Sunday, 11 September 2011

Drug trade and economic development

Turns out that cocaine production is a net earner for Peru. In theory, it could go either way: the dangers associated with the illegal sector could scare off more activity in the legal sector than the cocaine trade is worth, or the displacement effect could be smaller than net revenue generation.

A new IMF paper says the cocaine trade generates more economic activity than it displaces. Shame it's not in the GDP statistics.
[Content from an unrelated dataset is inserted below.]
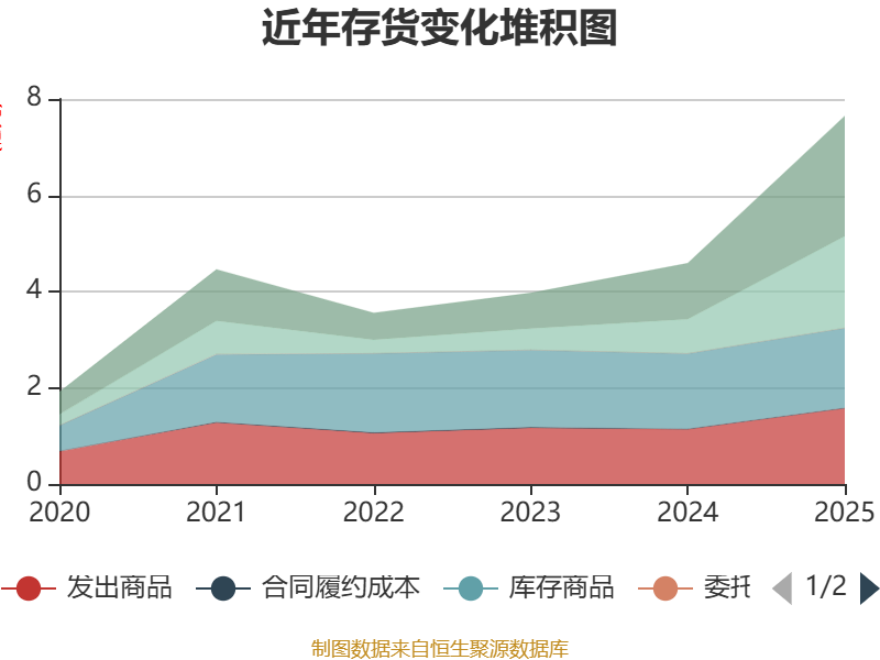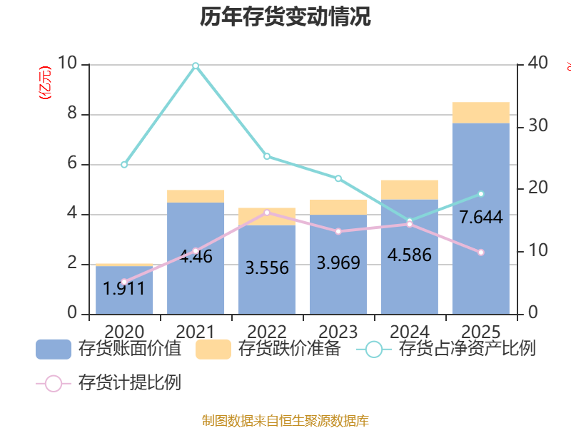 从存货变动来看,截至2025年末,公司存货账面价值为7.64亿元,占净资产的19.22%,较上年末增加3.06亿元。其中,存货跌价准备为8354.76万元,计提比例为9.85%。

Using UNODC data, we have estimated that the production of illegal coca and cocaine represents the equivalent of 0.9 percent of total GDP in 2009. (See table 3 and figure 7 of the appendix for further details.) By comparison, similar calculations for Bolivia based on UDAPE (2010) data imply that coca leaf represents between 1/8 percent and 1 and 1/4 percent of total GDP, and UNODC sources suggest that illicit coca production represented the equivalent of 21 percent and 14 percent of agricultural output in 2008 and 2009, respectively for Bolivia, as compared to values ranging between 3.6% and 8.25% from 1990 to 2008. Similarly, Colombian DANE (2010) data imply that the share of production of coca and cocaine has ranged between ¾ and 3¾ percent of total GDP from 2000 to 2008, declining toward the end of the period as a result of the coca eradication efforts.